# $f:X\to Y$, $A,B,\subseteq X$. Show that $f(A\setminus B)=f(A)\setminus f(B)$ iff $f(A\setminus B)\cap f(B) =\emptyset$

I tried to prove this but I am not sure if its correct. Please help me out with any tips or advice on how to improve. Here it is:

First let $f(A\setminus B)\cap f(B)=\emptyset$. Now $$f(A\setminus B)=(f(A)\setminus f(B)) \cup \{ y\in Y| \exists (x_1 \in (A\setminus B), x_2\in B) |f(x_1)=f(x_2 ) \}.$$ Now by the hypothesis $f(A\setminus B)\cap f(B)=\emptyset$ we have that $\nexists (x_1 \in (A\setminus B), x_2\in B) |f(x_1)=f(x_2 )$. Thus $$f(A\setminus B)=(f(A)\setminus f(B)) \cup \emptyset=f(A)\setminus f(B).$$ Now for the reverse implication we assume that $f(A\setminus B)=f(A)\setminus f(B)$. We intersect both sides with $f(B)$ to obtain

$$f(A\setminus B)\cap f(B)=(f(A)\setminus f(B))\cap f(B)=\emptyset.$$

So this is my proof. I personally think it's correct but very unclear possible. Any help or verification will be appreciated. Thanks in advance

The first part of the proof is very unclear to me. I personally would like to show that both sets are subsets of each other to prove a set equality. Here's my humble suggestion:

Suppose $f(A \setminus B)∩f(B)= \emptyset$:

$y \in f(A \setminus B) \implies \exists x \in (A \setminus B)$ such that $f(x) = y$. Since $x \in A$, $y = f(x) \in f(A)$. Furthermore due to our hypothesis, $y \in f(A \setminus B) \implies y \notin f(B)$.

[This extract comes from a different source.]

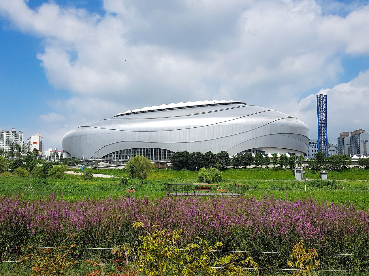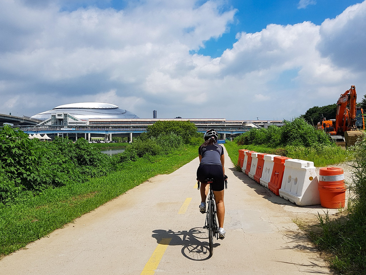 광명역 근처는 뭔가 심심한 구간이다. 봄에 오면 뚝방길 위로 독산역 벚꽃길을 볼 수 있다. 한참 달리다보면 멀리 커다란 조개 같은 건물이 나오는데 국내 최초의 돔 야구장인 고척 스카이돔이다.

Since $y \in f(A)$ and $y \notin f(B)$, $y \in f(A) \setminus f(B)$
$\implies f(A \setminus B) \subseteq f(A) \setminus f(B)$ --------- $(1)$

Now say $y \in f(A) \setminus f(B)$. This says $\exists x \in A$ such that $y = f(x)$ and there is no $x' \in B$ such that $y = f(x')$. Clearly $x \in A$ and $x \notin B \implies x \in A \setminus B \implies y = f(x) \in f(A \setminus B)$

This implies $f(A) \setminus f(B) \subseteq f(A \setminus B)$ ----------------- $(2)$

Equations $(1)$ and $(2)$ provide the set equality.

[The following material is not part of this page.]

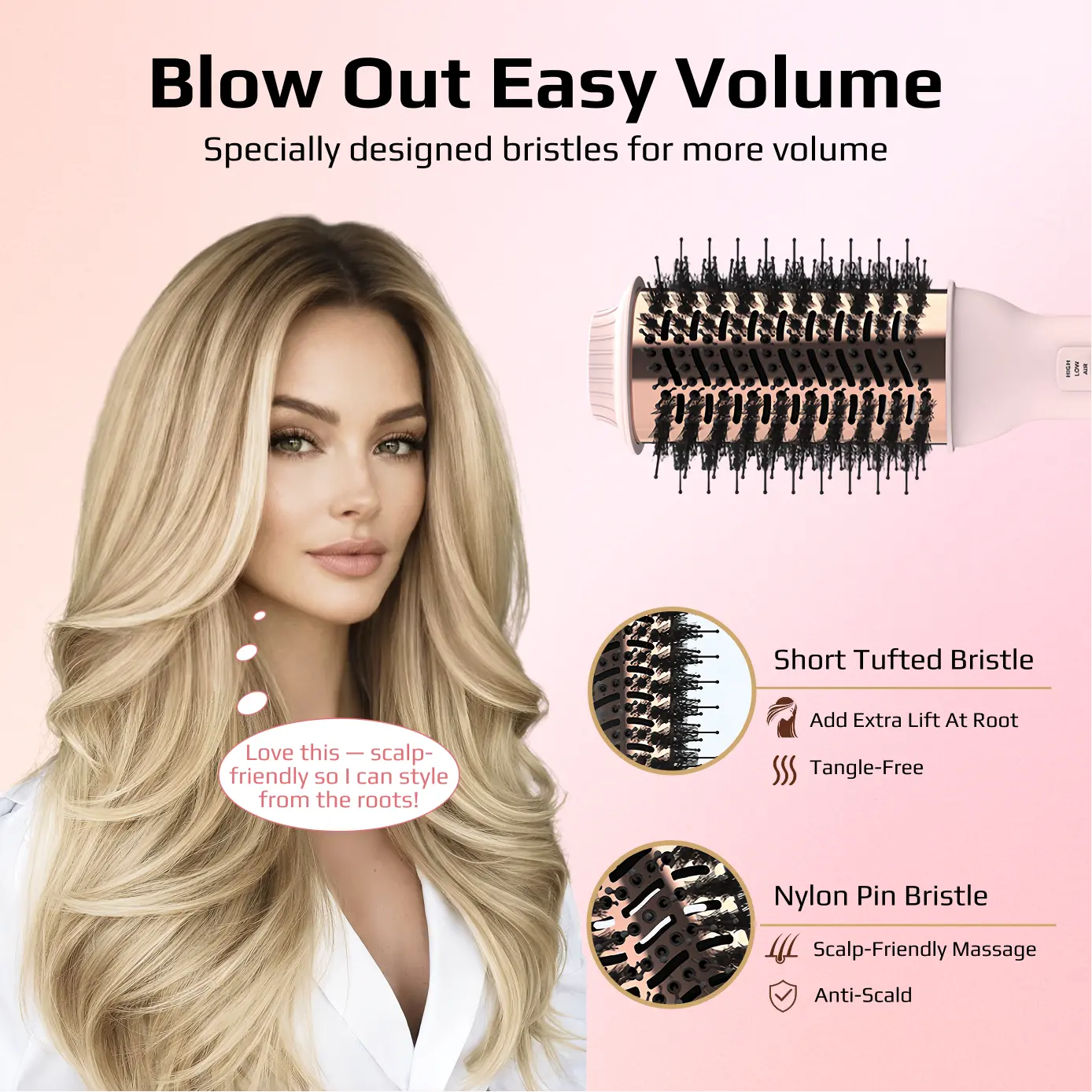 The dual‑bristle design helps detangle gently while lifting at the roots, giving you balanced tension and fuller‑looking blowout results.

The second part of the proof is impressive by the way..

• Thanks a lot, your way of showing the first part is indeed a lot clearer than what I had. – Slugger Feb 13 '14 at 20:09
• @Slugger Glad to be of help.. – Ishfaaq Feb 14 '14 at 6:23

Assume that $f\left(A\backslash B\right)=f\left(A\right)\backslash f\left(B\right)$.

If $y\in f\left(A\backslash B\right)$ then $y\in f\left(A\right)\backslash f\left(B\right)$ so that $y\notin f\left(B\right)$ this proves that $f\left(A\backslash B\right)\cap f\left(B\right)=\emptyset$.

Assume that $f\left(A\backslash B\right)\cap f\left(B\right)=\emptyset$ or equivalently $f\left(A\backslash B\right)\subset f\left(B\right)^{c}$.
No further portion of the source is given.